Only requirement is they have the same number of elements.
::
int
PyArray_CanCastSafely(int fromtype, int totype)
Check the type coercion rules.
::
npy_bool
PyArray_CanCastTo(PyArray_Descr *from, PyArray_Descr *to)
leaves reference count alone --- cannot be NULL
::
int
PyArray_ObjectType(PyObject *op, int minimum_type)
Return the typecode of the array a Python object would be converted to
::
PyArray_Descr *
PyArray_DescrFromObject(PyObject *op, PyArray_Descr *mintype)
new reference -- accepts NULL for mintype
::
PyArrayObject **
PyArray_ConvertToCommonType(PyObject *op, int *retn)
::
PyArray_Descr *
PyArray_DescrFromScalar(PyObject *sc)
Return descr object from array scalar.
New reference
::
PyArray_Descr *
PyArray_DescrFromTypeObject(PyObject *type)
::
npy_intp
PyArray_Size(PyObject *op)
Compute the size of an array (in number of items)
::
PyObject *
PyArray_Scalar(void *data, PyArray_Descr *descr, PyObject *base)
Get scalar-equivalent to a region of memory described by a descriptor.
::
PyObject *
PyArray_FromScalar(PyObject *scalar, PyArray_Descr *outcode)
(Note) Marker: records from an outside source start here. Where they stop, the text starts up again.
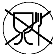
Рисунок 1 для пищевой продукции
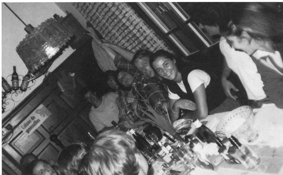
A cena con gli amici, senza complessi.

La posta in gioco è molto alta: il cittadino può mettere in dubbio la credibilità dell'uomo politico. La situazione è assai precaria in alcuni comuni. Le stesse promesse, mai mantenute, si ripetono ad ogni scadenza elettorale. □
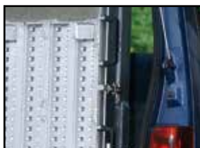
Système d'attache des parties repliables entre elles
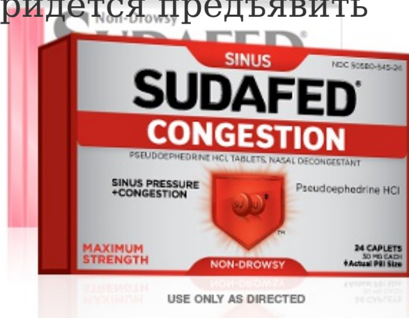
Рисунок 4. Псевдоэфедрина гидрохлорид

При наличии полной эрекции в пенис не поступает
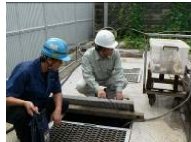
きれいに清掃された、油水分離槽。油はほとんど検知されませんでした。

また、交通量の少ない日曜日に、ボランティアで、工場周辺の道路清掃を、工場長自ら行ってお
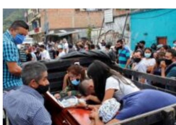
Tres masacres en las últimas horas en Colombia cobran 12 vidas
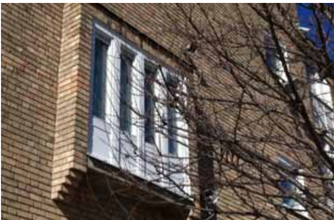
8. Utbyggd för uppsyn och med lur för gehör. (burspråk på Årstaskolan).....
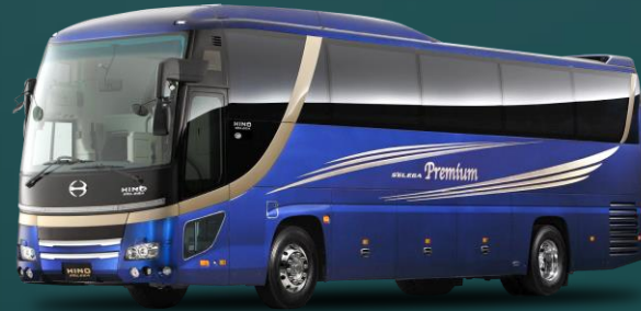
KENDARAAN JENIS BUS HIGH DECK
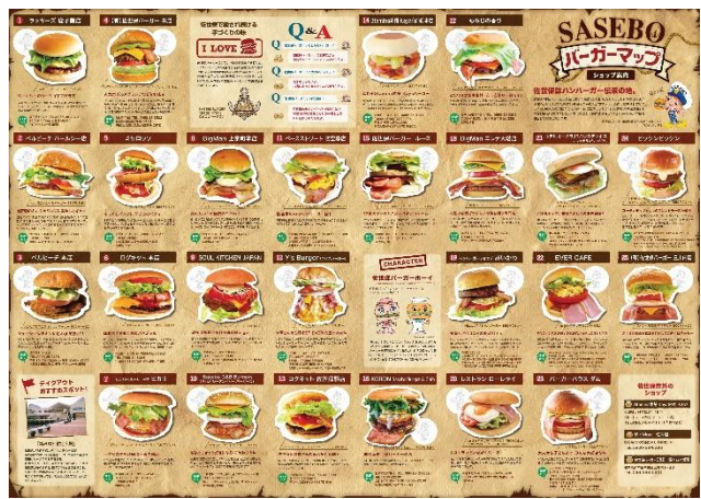
増刷した佐世保バーガーマップ
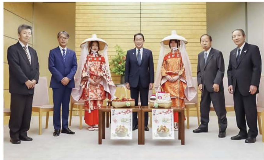
16回目となる首相官邸への表敬訪問。昨年に続き岸田文雄総理大臣に紀南の青梅と梅干しを贈呈しました。紀州梅の会の真砂充敏会長（田辺市長）が梅をアピールし、和やかなムードでやり取りがあった中、梅干しを試食した岸田総理は「酸味があっておいしい、元気が出る。梅は健康に良さそうでいろんな可能性がある」と感想を述べました。
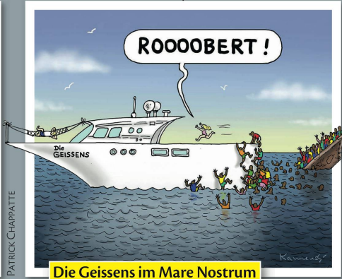
Die Geissens im Mare Nostrum
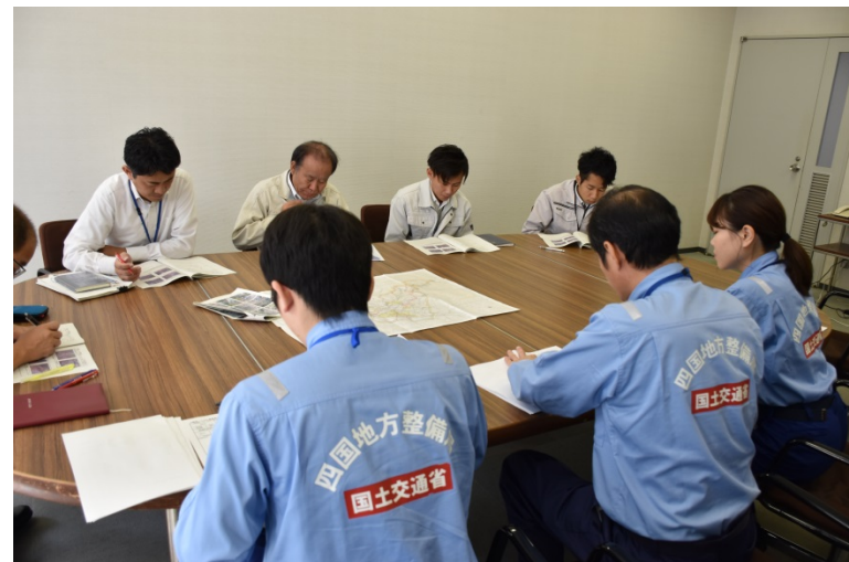
【本庄市役所:被災状況調査を報告】
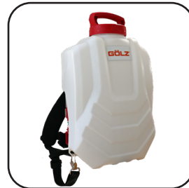
Réservoir à batterie WB16E (16 litres) Raccord Gardena

Get 0-dim array from scalar
0-dim array from array-scalar object
always contains a copy of the data
unless outcode is NULL, it is of void type and the referrer does
not own it either.
steals reference to outcode
::
void
PyArray_ScalarAsCtype(PyObject *scalar, void *ctypeptr)
Convert to c-type
no error checking is performed -- ctypeptr must be same type as scalar
in case of flexible type, the data is not copied
into ctypeptr which is expected to be a pointer to pointer
::
int
PyArray_CastScalarToCtype(PyObject *scalar, void
*ctypeptr, PyArray_Descr *outcode)
Cast Scalar to c-type
The output buffer must be large-enough to receive the value
Even for flexible types which is different from ScalarAsCtype
where only a reference for flexible types is returned
This may not work right on narrow builds for NumPy unicode scalars.
::
int
PyArray_CastScalarDirect(PyObject *scalar, PyArray_Descr
*indescr, void *ctypeptr, int outtype)
Cast Scalar to c-type
::
PyObject *
PyArray_ScalarFromObject(PyObject *object)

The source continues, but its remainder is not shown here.